When an application is registered with the module, a setting menu as well as a triggers setting are automatically added to the associated module.

Note

This part is done programmatically and is not something most users will care for.

Builtins

The module is bundled with already created (and system agnostic) nodes, entries, convertors and hooks that any application can decide to use.

Pathfinder/Starfinder Second Edition

The module is bundled with a fully kitted application for those modules, it offers a lot of automation that the default system doesn't provide.

Free Application

As opposed to a regular application, a free application doesn't add any setting and doesn't make use of trigger hooks.
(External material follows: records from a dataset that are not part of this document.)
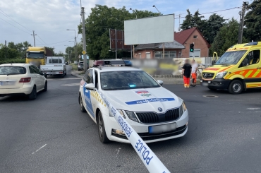 Egy autóbusz és egy kerékpáros ütközött a főváros XXI. kerületében.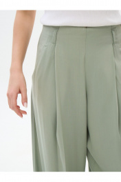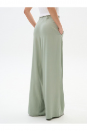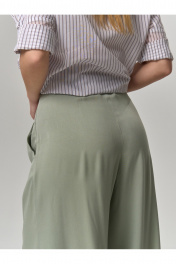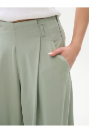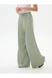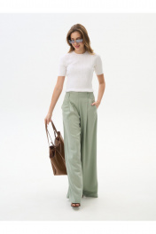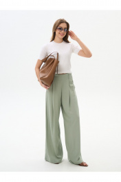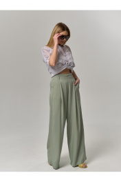 1. Брюки женские широкие палаццо с высокой талией. 2. Застежка в боковом шве на потайную молнию. 3. На передних частях по линии талии выполнены модельные складки. 4. На спинке брюк обработаныконструктивные вытачки. 5. Длина шагового шва-87 см. 6. Бережная стирка при 30 градусах.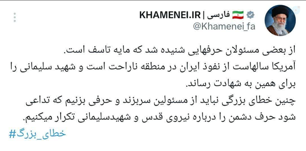 این توئیت رهبری قدیمیه و ۴ سال پیش منتشر شده. https://eitaa.com/islamwanter/345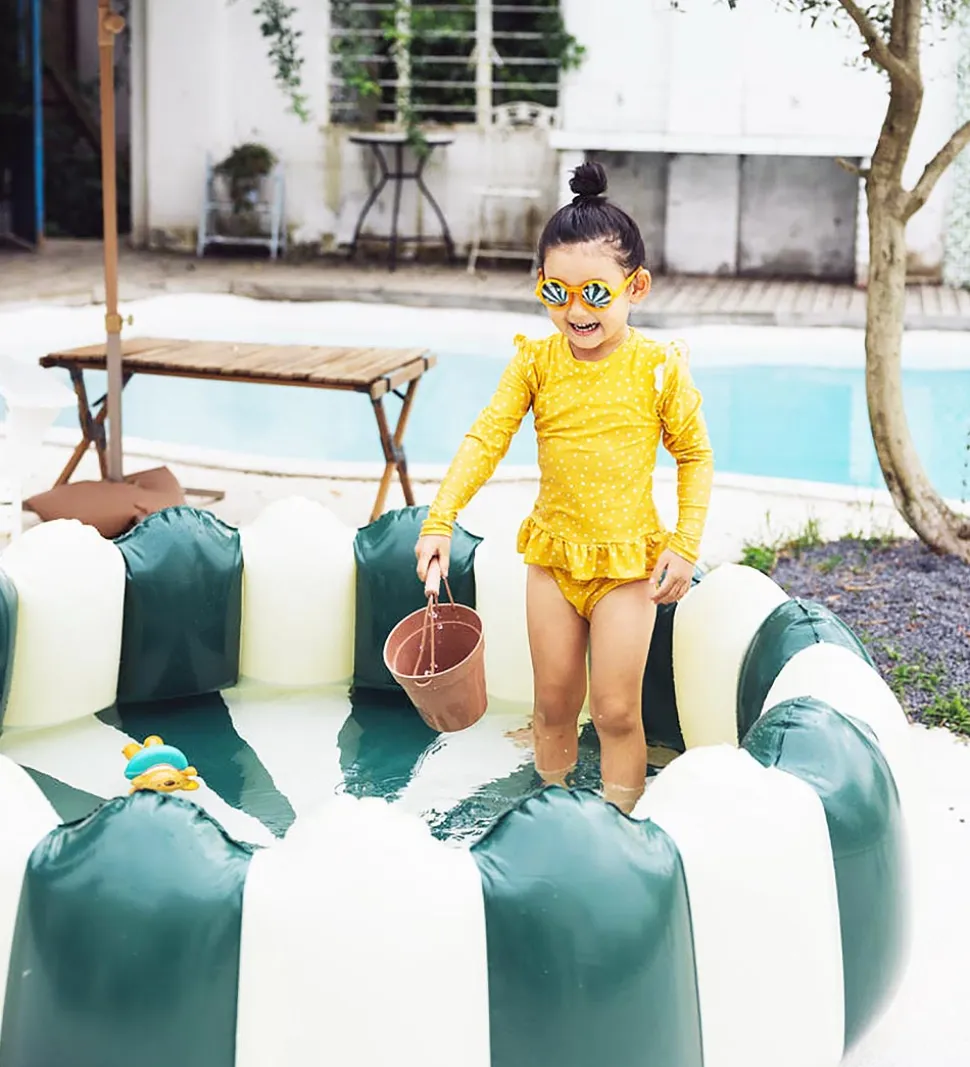 Petites Pommes badebassinet har en rund udformning med en bølget kant. Badebassinet er perfekt til de små, som stadig er igang med at lære at svømme, eller bare har brug for at køle ned i det varme vejr. Badebassinet er oppusteligt, og der medfølger et praktisk lappesæt i tilfælde af punktering.

Instead, it will allow you to use the blueprint menu directly to generate sequential data for any other use than automation.

2. Building

This is the fun part, where a GM can create triggers using any registered application, playing with boxes and lines. Simply add at least one event node (they are the entry point of an executed trigger) and follow with the other different nodes available to generate a trigger logic.

Third party can directly register triggers to be loaded in your worlds, this allow modules to act as triggers "library" that GMs can then decide to enable or not in their world. The best way is to create the triggers in a world, export them as json, add the the file to a module and register the file using the provided hook.

Hooks.once("triggerEngine.registerTriggers", (registerTriggers) => {
  registerTriggers("<module-id>", "<application-id>", triggersOrFilePath);
});

Note

The <module-id> and <application-id> are the same that the ones used to register the application those triggers belong to.

3. Playing

While playing, the enabled triggers will be executed based on different actions/interactions with foundry.

The module is made so only what is absolutely necessary is running in the background, reducing its footprint to a minimum. Any trigger that isn't enabled will be as though it wasn't in your world altogether.